WHAT TO WORK ON - Omit all pictures, then repeat the listing exactly.
Top of EXERCISE DATA
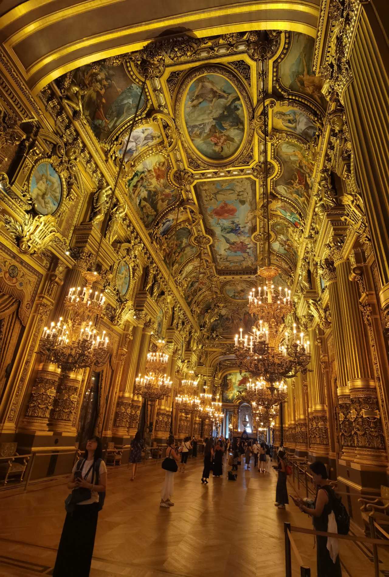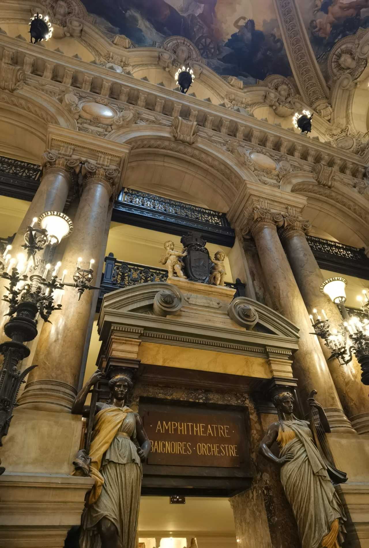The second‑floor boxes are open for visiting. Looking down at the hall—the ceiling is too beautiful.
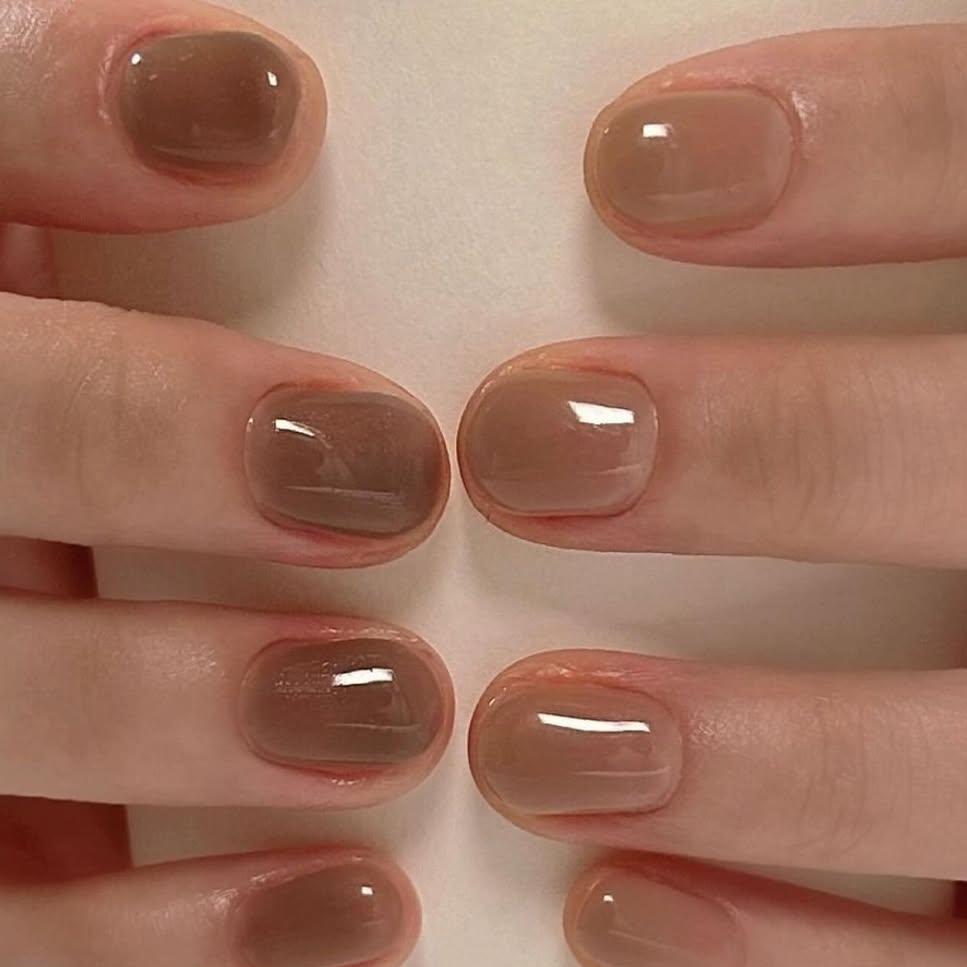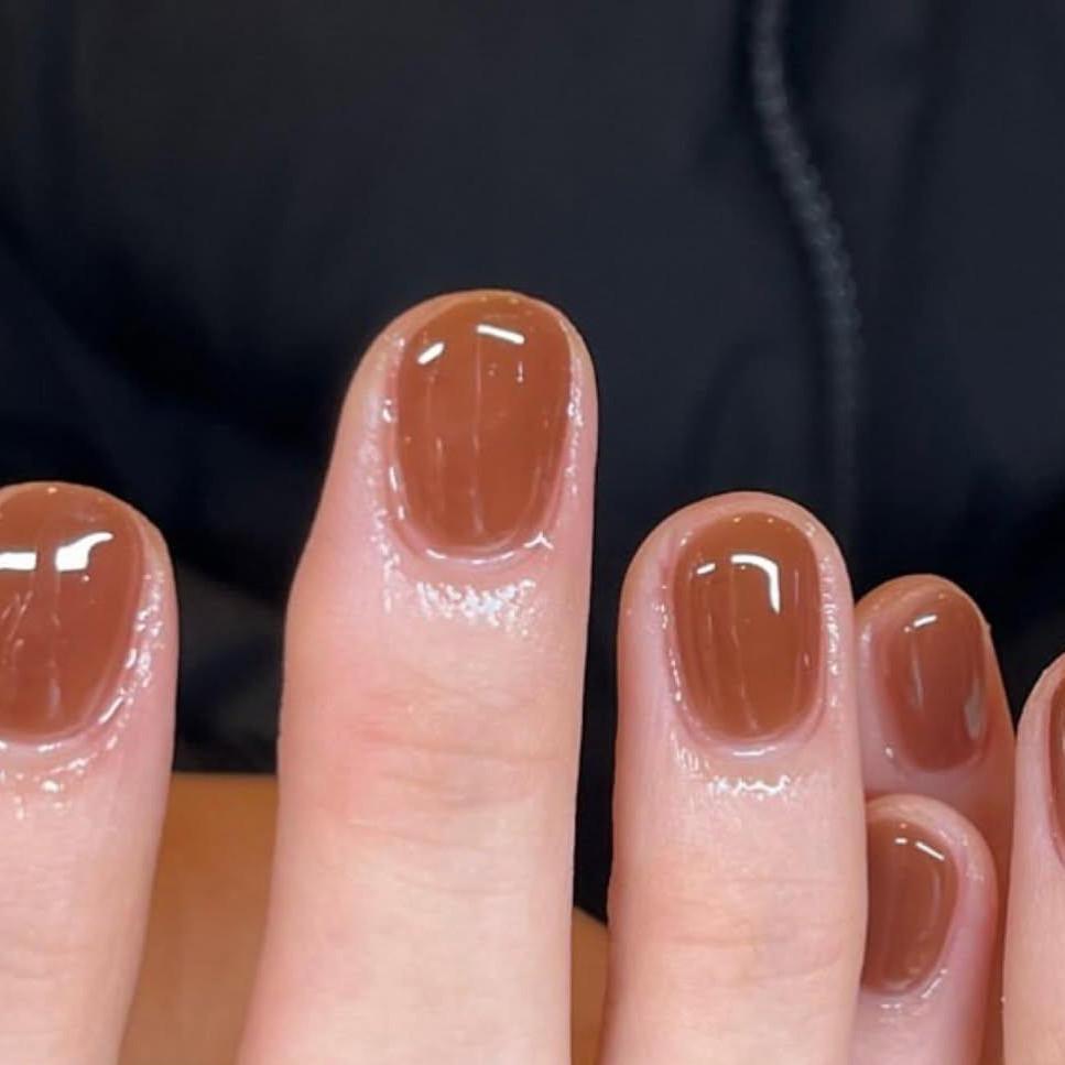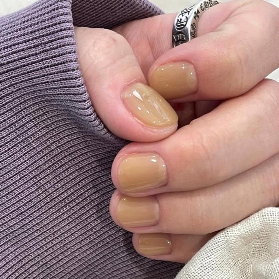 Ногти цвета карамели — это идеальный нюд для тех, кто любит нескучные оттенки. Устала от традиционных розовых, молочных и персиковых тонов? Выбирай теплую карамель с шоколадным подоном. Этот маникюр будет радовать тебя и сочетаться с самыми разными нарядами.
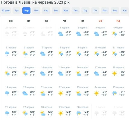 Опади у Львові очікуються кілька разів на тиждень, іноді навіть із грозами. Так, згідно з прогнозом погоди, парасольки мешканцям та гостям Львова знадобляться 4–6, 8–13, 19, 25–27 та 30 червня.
Bottom of EXERCISE DATA
EXPECTED ANSWER -
The second‑floor boxes are open for visiting. Looking down at the hall—the ceiling is too beautiful.
 Ногти цвета карамели — это идеальный нюд для тех, кто любит нескучные оттенки. Устала от традиционных розовых, молочных и персиковых тонов? Выбирай теплую карамель с шоколадным подоном. Этот маникюр будет радовать тебя и сочетаться с самыми разными нарядами.
 Опади у Львові очікуються кілька разів на тиждень, іноді навіть із грозами. Так, згідно з прогнозом погоди, парасольки мешканцям та гостям Львова знадобляться 4–6, 8–13, 19, 25–27 та 30 червня.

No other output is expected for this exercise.